Definitions specific to this category can be found in Definitions/Translation Mappings.

In an Abelian Group

Let $\struct {G, +}$ be an abelian group.

Let $g \in G$.


Then translation by $g$ is the mapping $\tau_g: G \to G$ defined by:

$\forall h \in G: \map {\tau_g} h = h + \paren {-g}$

where $-g$ is the inverse of $g$ with respect to $+$ in $G$.


In a Euclidean Space

A translation $\tau_\mathbf x$ is an isometry on the real Euclidean space $\Gamma = \R^n$ defined as:

$\forall \mathbf y \in \R^n: \map {\tau_\mathbf x} {\mathbf y} = \mathbf y - \mathbf x$

where $\mathbf x$ is a vector in $\R^n$.


In an Affine Space

Let $\EE$ and $\FF$ be affine spaces.

Let $\TT: \EE \to \FF$ be affine transformations.

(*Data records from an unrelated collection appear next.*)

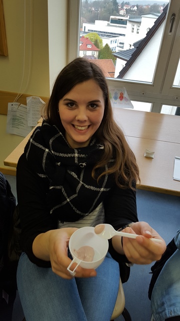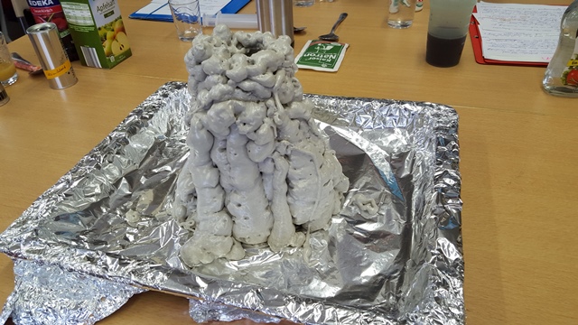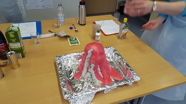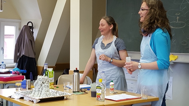 Nach einer kurzen Einführung in die Welt der über 300 gelisteten Zusatzstoffe war ihre Präsentation sehr praktisch angelegt. So wurde den Mitschülern in kleinen Experimenten eindrucksvoll gezeigt, zu welchen Ergebnissen der Einsatz von Lebensmittel-Zusatzstoffen führen kann. Mit Hilfe von Natriumalginat und Calciumchlorid wurden Apfelsaftkugeln hergestellt. Der eigens angefertigte Bauschaumvulkan „Schaum mer mal“ brach beim Befüllen mit einem Gemisch aus Rote Beete Saft und Natriumhydrogencarbonat – wie geplant – aus.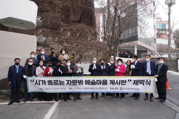 서울 종로구가 (사)자문밖문화포럼과 함께 구기동 일원에 '시가 흐르는 자문밖 예술마을 게시판'을 세우고 16일 이를 기념하는 제막식을 개최했다. 제막식은 ▲개회 및 경과보고 ▲제막행사 ▲축사 ▲작품 낭독 ▲기념촬영 순으로 이어졌다. 사진은 제막식에서 관계자들이 기념촬영을 하는 모습. (사진제공=종로구청)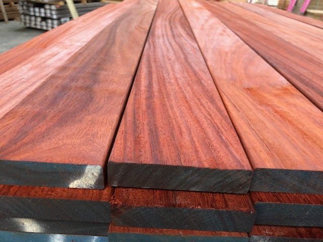 Le Padouk (Pterocarpus soyauxii), originaire du Gabon, est un bois exotique haut de gamme reconnu pour sa couleur rouge-orangé éclatante qui se stabilise en un brun rouge profond. Très durable et naturellement en classe 4, il résiste parfaitement aux intempéries, insectes et champignons. Sa grande stabilité et sa densité élevée en font un matériau idéal pour des terrasses élégantes et pérennes.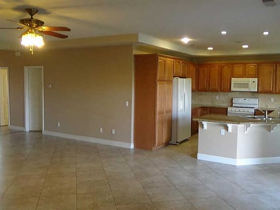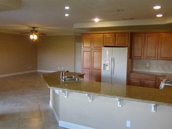 3 Bedrooms, 2 Baths. Open Floor plan. Granite Kitchen counters. Upgraded kitchen cabinets. Recessed lighting. High ceilings. Tile floor throughout except bedrooms. Separate jacuzzi tub and tiled shower, duel sinks in Master Bath. Walk-in closet in Master Bedroom. 3 car finished garage. Golf course views.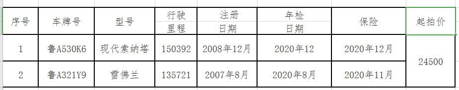 6月30日濟(jì)南現(xiàn)代索納塔、雪佛蘭轎車拍賣公告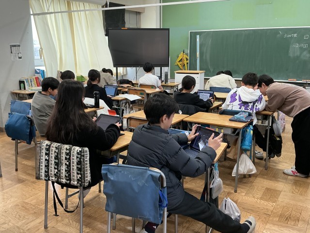 6年生の総合的な学習の時間の学習の様子です。6年生は今、「未来の社会と将来の私」という学習をしています。未来に思いを馳せ、未来の社会の職業について調べたり、自分の将来について真剣に考えたりしています。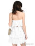 Детали: полочка присборена на резинку, пояс на резинке дополнен широким эластичным ремнем, платье декорировано красивыми воланами
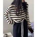 キーワード:ニット セーター レディース vネック ボーダー 長袖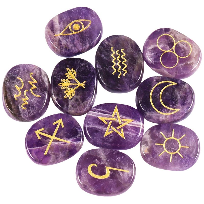 mookaitedecor Amethyst Witches Runes Set,Healing Crystal Palm Stone Engraved Gypsy Symbol for Meditation Divination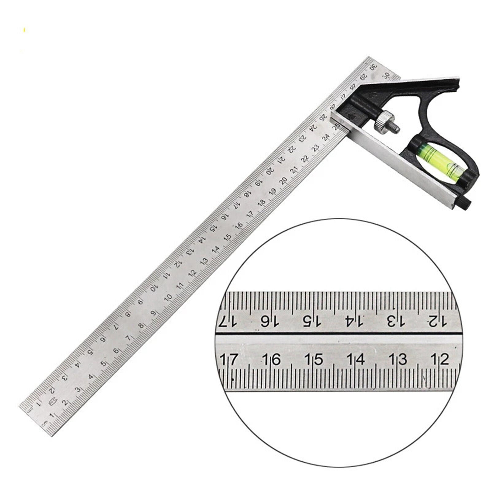 12" 30cm Combination Angle Square Type A Ruler Spirit Level Adjustable Measure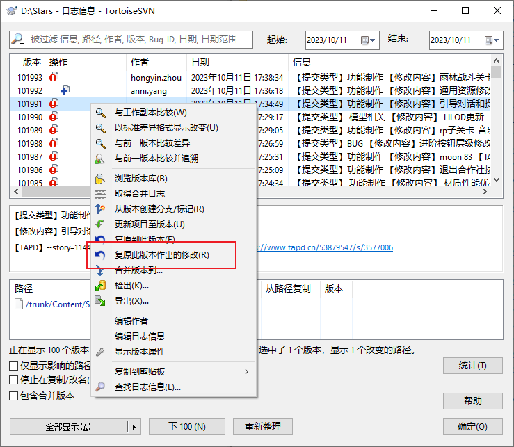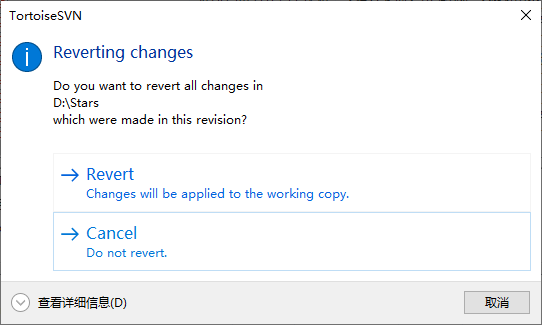Revert changes from this revision指的是复原此版本的修改,执行完之后应该是此版本提交前的状态。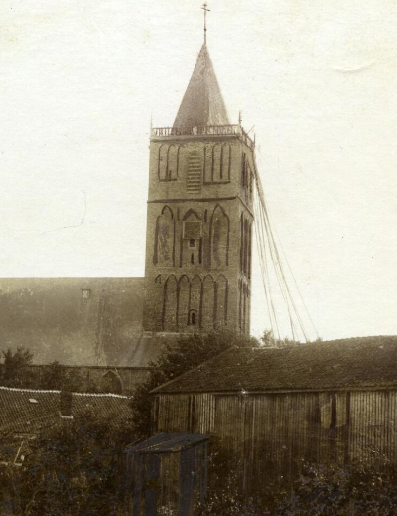 De foto’s had ik al eens eerder gezien. Ik vermoedde toen – bij gebrek aan beter – dat het hier om lange touwen ging die vanaf de toren hingen in het kader van het zgn. ‘torentrekken’ (Noordwijk Binders worden ook wel ‘Torentrekkers’ genoemd). Een soortement van folklore.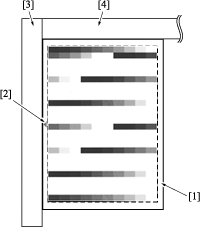 Mueva y toque el gráfico [1] firmemente contra el índice de tamaño de documento de dirección vertical [3] y el índice de tamaño de documento de dirección horizontal [4], y colóquelo en el Cristal de originales.

Then $\TT$ is a translation if and only if the tangent map $\vec \TT$ is the identity on the tangent space $\vec \EE$.


In a Vector Space

Let $K$ be a field.

Let $X$ be a vector space over $K$.

Let $x \in X$.


We define the translation mapping $\tau_x : X \to X$ by:

$\map {\tau_x} y = y - x$

for each $y \in X$.